"And he told them many things in parables, saying: "A sower went out to sow. And as he sowed, some seeds fell along the path, and the birds came and devoured them. Other seeds fell on rocky ground, where they did not have much soil, and immediately they sprang up, since they had no depth of soil, but when the sun rose they were scorched. And since they had no root, they withered away. Other seeds fell among thorns, and the thorns grew up and choked them. Other seeds fell on good soil and produced grain, some a hundredfold, some sixty, some thirty. He who has ears, let him hear.""
Introduction
Jesus tells the short, vivid story of a sower who scatters seed in various places. The image is simple: some seed is lost, some springs up briefly, some is choked, and some bears abundant grain. In Matthew 13:3–9 the parable invites listeners to consider how the message of the kingdom of heaven meets different kinds of human responsiveness.
Historical-Cultural Context and Authorship
The Gospel of Matthew is traditionally attributed to Matthew the tax collector, one of the twelve; modern scholarship tends to see the evangelist as an author in a Jewish-Christian community writing in the late first century (roughly 80–90 CE) who used Mark and other sources. Matthew’s Gospel emphasizes Jesus as teacher and interpreter of Scripture, and chapter 13 groups several parables that explain the nature of the kingdom. Agricultural imagery was immediately intelligible in first-century Palestine: sowing was often done by hand, birds and pests commonly ate exposed seed, terraces and thin topsoil produced shallow growth, and thorny weeds could quickly overtake a crop.
Several Greek words in the passage help shape interpretation: παραβολή (parabolē) means “parable,” literally a placing alongside for comparison; σπείρω (speirō) is the verb “to sow”; σπέρμα or σπόρος are words for “seed”; and γῆ (gē) is the word for soil or earth. These terms connect the narrative to everyday farming while signaling a symbolic comparison between soil and human hearts.
Characters and Places
The sower: the one who scatters seed — in Matthew this can represent Jesus or, more broadly, the proclamation of God’s word that is freely given to many.

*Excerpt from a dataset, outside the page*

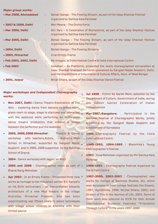 Sangeeta Sharma's modern dance language is comprehensible and colourful. But where is the literature? Not everyone who studies a language can create literature. Sangeeta has certainly what it takes to create literature. —Financial Express

The seeds: the message of the kingdom (the “word”); life and fruit are contained in the seed itself even as its fate depends on the ground it meets.
The birds: agents that snatch away the seed from the path; Jesus later identifies this activity with the evil one (see Matthew 13:19).
The path: hard, compacted ground where seed cannot penetrate — a metaphor for an unreceptive or hardened heart.
Rocky ground: shallow soil over rock where plants sprout quickly but cannot form deep roots; it symbolizes initial enthusiasm that fails under testing or persecution.
Thorns: competing plants and worries — the cares of this age and the deceitfulness of riches that strangle spiritual growth.
Good soil: receptive, cultivated ground that allows seed to take root and bear abundant fruit; the yields of a hundredfold, sixtyfold, and thirtyfold underline varying degrees of fruitfulness among those who receive the word.
Explanation and Meaning of the Text
The parable teaches by contrast: the same seed is sown everywhere, but different soils produce different outcomes. Matthew intends readers to hear that the “kingdom” message is sovereignly and generously offered, yet its effectiveness depends on the condition of the hearer. Later in the chapter (Matthew 13:18–23) Jesus explains the elements: the hardened path corresponds to one who hears but allows the message to be taken away; rocky ground signifies those who receive with joy but fall away under trial because they have no root; thorns represent those whose growth is choked by worldly anxieties and the pursuit of wealth; good soil depicts those who hear, understand, and produce fruit.
The saying “He who has ears, let him hear” (Greek idiom ὁ ἔχων ὦτα ἀκούειν ἀκουέτω) is an urgent summons to attentive, obedient listening: ἀκούειν (to hear) in the Gospels often implies response, not merely perception. The numbers (100, 60, 30) likely indicate abundant and variable fruitfulness rather than a rigid mathematical scheme; they emphasize that the kingdom’s yield can be unexpectedly large when the word is truly received. Theologically, the parable balances divine initiative (the seed sown) with human responsibility (the condition of the soil), calling hearers to cultivate receptivity while trusting God’s power to bring growth.
Devotional
Read this parable as personal and communal invitation: where is your heart’s soil today? Gently ask the Spirit to uncover hardened places, to deepen roots where faith is thin, and to remove thorns of anxiety and love for riches. Practice small spiritual disciplines—regular Scripture reading, honest confession, faithful prayer, mutual encouragement in Christian community—that prepare and maintain good soil.
Take hope from the abundance promised: even a little receptive faith can yield far more than we imagine. Offer yourself to God as cultivated ground; trust that the Sower continues to scatter the seed, and pray for patience and perseverance so that what God plants in you will grow and bear lasting fruit for his kingdom.